** Work to be completed **
Set down each record below exactly as it stands. Pictures are not part of the copy.
========
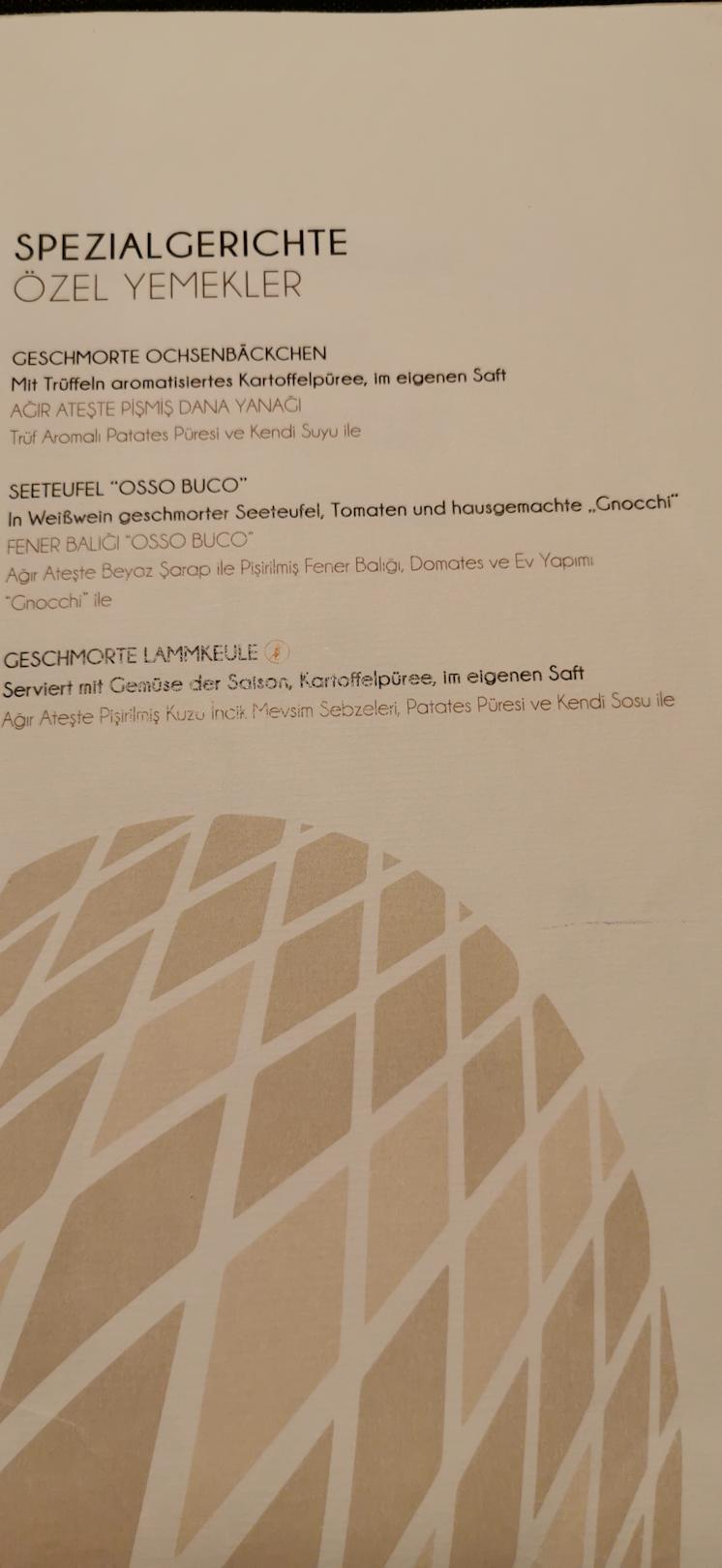 Die Speisekarte vom Koza Restaurant
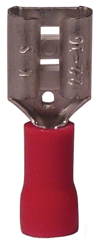 Quick and reliable crimp-type wire connections. Vinyl insulated shank with 0.250 in x 0.032 in tab. 75 deg C temperature rating.
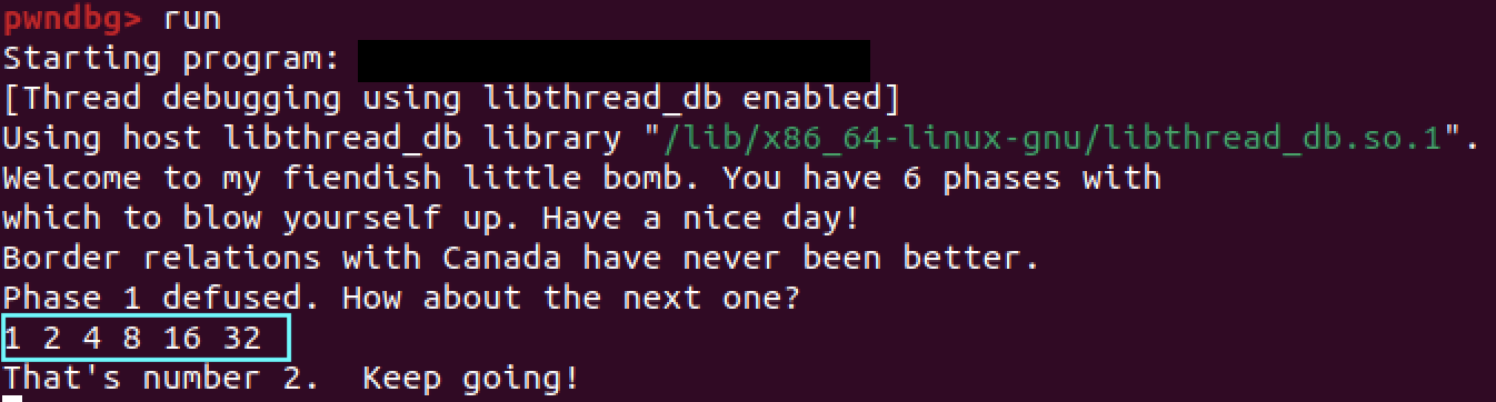 따라서 1 2 4 8 16 32를 입력하면 폭탄을 해체할 수 있다.
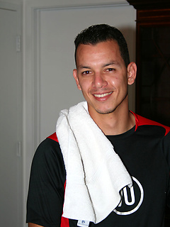 Hot latin hunk Andre Cruz jacking off his long cock
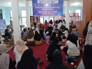 “Kalau bosan, ayo datang ke perpustakaan! Di sini bisa membaca, bermain, dan belajar bersama teman-teman,” ujar Kak Tia penuh semangat, disambut sorak dan tawa anak-anak yang antusias mendengarkan.
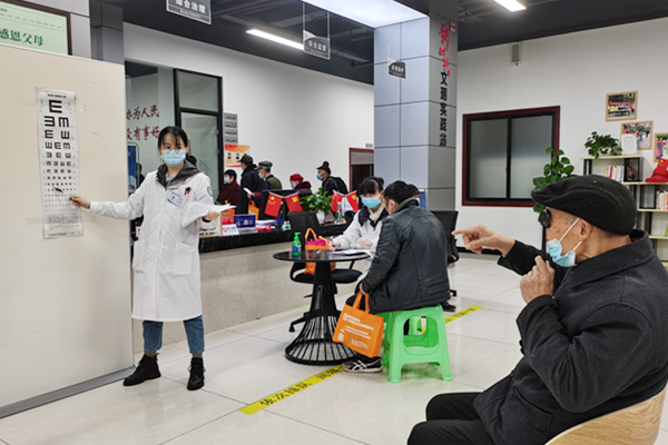 醫務人員為老年人進行視力檢查。璧山區衛生健康委供圖
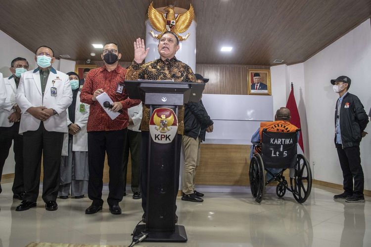 “Hadirnya KPK di Papua titik terjauh negeri kita adalah peringatan untuk seluruh pelaku korupsi dan bukti kehadiran negara untuk keadilan masyarakat Indonesia di Papua,” ujarnya Tersangka kasus dugaan korupsi pembangunan infrastruktur di Provinsi Papua Lukas Enembe dibawa petugas KPK untuk dihadirkan saat konferensi pers terkait penahanannya oleh KPK di Paviliun Kartika RSPAD Gatot Subroto, Jakarta, Rabu (11/1/2023). Gubernur Papua Lukas Enembe menjalani pembantaran usai ditangkap di Distrik Abepura, Kota Jayapura pada Selasa (10/1/2023).
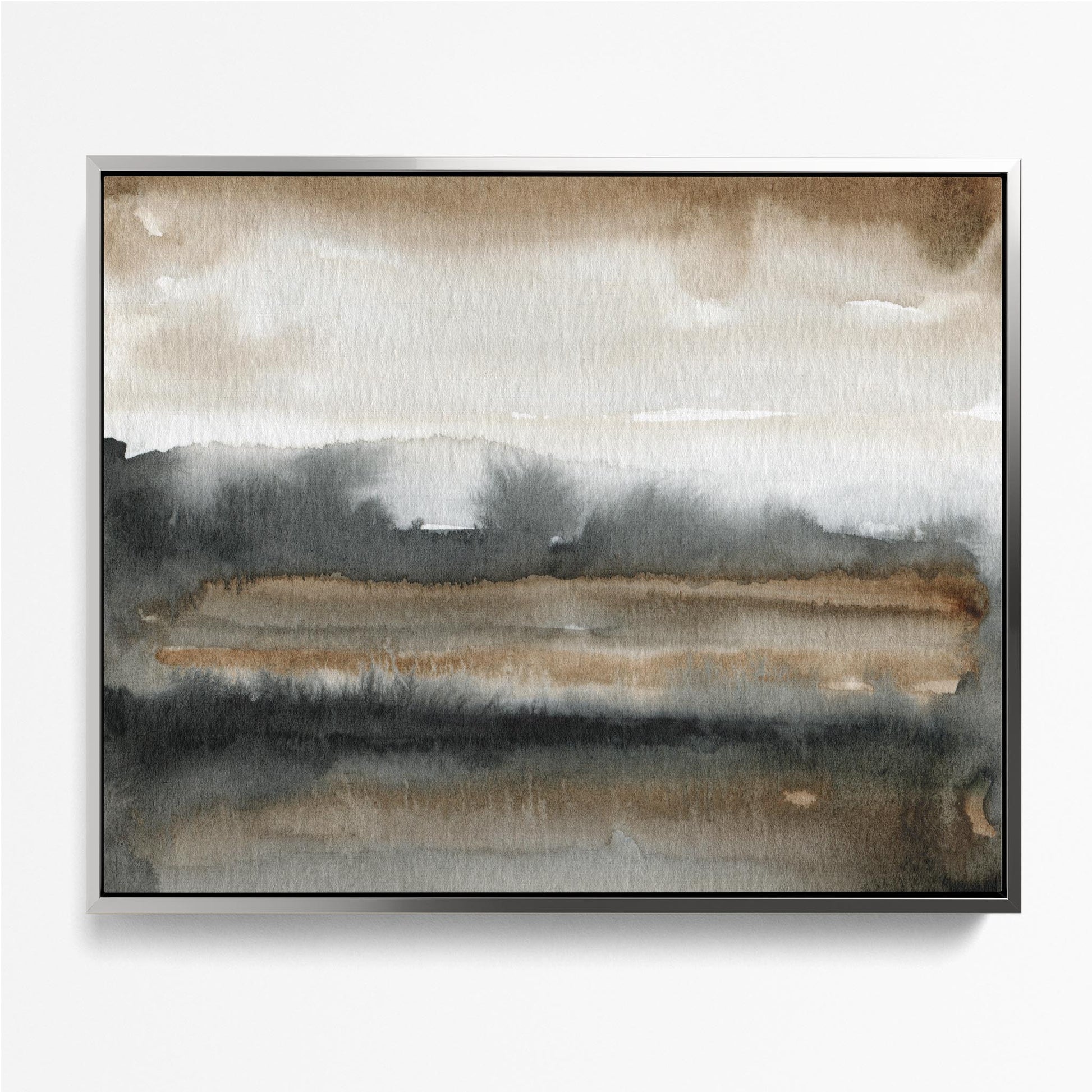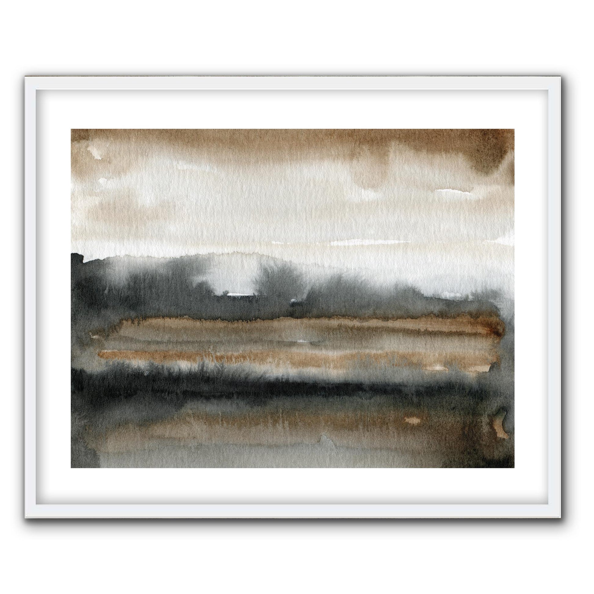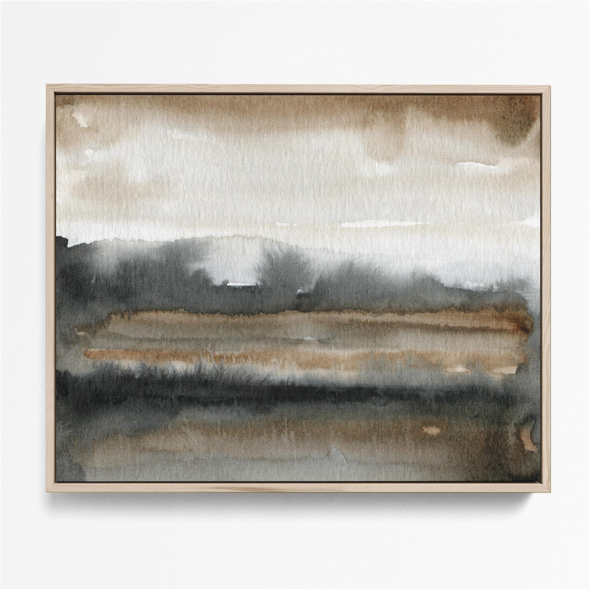 Delicate neutral colours in a water-colour style create an atmospheric landscape.
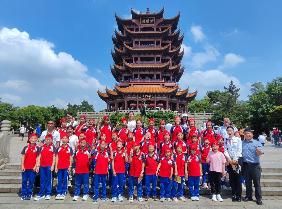 小朋友在工作人员带领下在黄鹤楼前打卡
========
** Solution **
 Die Speisekarte vom Koza Restaurant
 Quick and reliable crimp-type wire connections. Vinyl insulated shank with 0.250 in x 0.032 in tab. 75 deg C temperature rating.
 따라서 1 2 4 8 16 32를 입력하면 폭탄을 해체할 수 있다.
 Hot latin hunk Andre Cruz jacking off his long cock
 “Kalau bosan, ayo datang ke perpustakaan! Di sini bisa membaca, bermain, dan belajar bersama teman-teman,” ujar Kak Tia penuh semangat, disambut sorak dan tawa anak-anak yang antusias mendengarkan.
 醫務人員為老年人進行視力檢查。璧山區衛生健康委供圖
 “Hadirnya KPK di Papua titik terjauh negeri kita adalah peringatan untuk seluruh pelaku korupsi dan bukti kehadiran negara untuk keadilan masyarakat Indonesia di Papua,” ujarnya Tersangka kasus dugaan korupsi pembangunan infrastruktur di Provinsi Papua Lukas Enembe dibawa petugas KPK untuk dihadirkan saat konferensi pers terkait penahanannya oleh KPK di Paviliun Kartika RSPAD Gatot Subroto, Jakarta, Rabu (11/1/2023). Gubernur Papua Lukas Enembe menjalani pembantaran usai ditangkap di Distrik Abepura, Kota Jayapura pada Selasa (10/1/2023).
 Delicate neutral colours in a water-colour style create an atmospheric landscape.
 小朋友在工作人员带领下在黄鹤楼前打卡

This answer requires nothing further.